Whenever we hear grumbling about George W. Bush's verbal miscues, we like to recall the peculiar gifts of his predecessor. As quoted by Reuters, here's then-still-president William Jefferson Clinton on January 11, responding to questions from reporters about his intention to abandon Socks the cat. Note how the president marshals his defenses, numerically annotated by THE SCRAPBOOK:
Q: What about Socks? What's going to happen to Socks?
CLINTON: [1] Well, I don't know. [2] You know, I made more progress in the Middle East than I did between Socks and Buddy. [3] And I don't know that I've got enough space and enough help when I'm gone to keep them both away from one another and keep them both happy. [4] But I still haven't quite resolved what to do. I love that old cat. [5] You know, we picked him up as sort of a half stray in Arkansas, and [6] I hate to give him up. [7] But Betty loves him.

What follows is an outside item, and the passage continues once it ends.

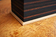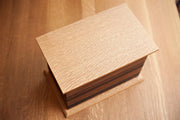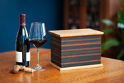 This cremation urn is perfect for wine and whiskey lovers. When the American wineries and whiskey distilleries are finished with white oak barrels, we reclaim this wood to make beautiful cremation urns colored by the grapes and grain they helped to flavor. Charred oak barrels used to make whiskey create the darkest layers while wine barrels make up the brown and tan layers. The top and bottom are made from white oak with a handsome 45 degree chamfered edge. Urn opens from the bottom with wood screws. Includes a plastic cremation insert (a.k.a. the black box).

Twenty-four hours later, Clinton was again questioned by reporters on exactly the same trivial subject, and he stayed robotically on message:
Q: Are you really giving Socks away?
CLINTON: [1] Oh, I don't know. [2] I did better with the Arabs -- the Palestinians and the Israelis than I've done with Socks and Buddy. [3] And I won't have as much space or as much help in managing them, [4] so I'm trying to figure out whether I can do it. Because I've had that cat a long time. [5] You know, we took him in as a stray back in Arkansas, and [6] I hate to give him up, [7] although Betty and a lot of other people here in the White House really love him.
That's Clinton -- never an unscripted moment. Poor Socks. He must have tested poorly in the focus groups.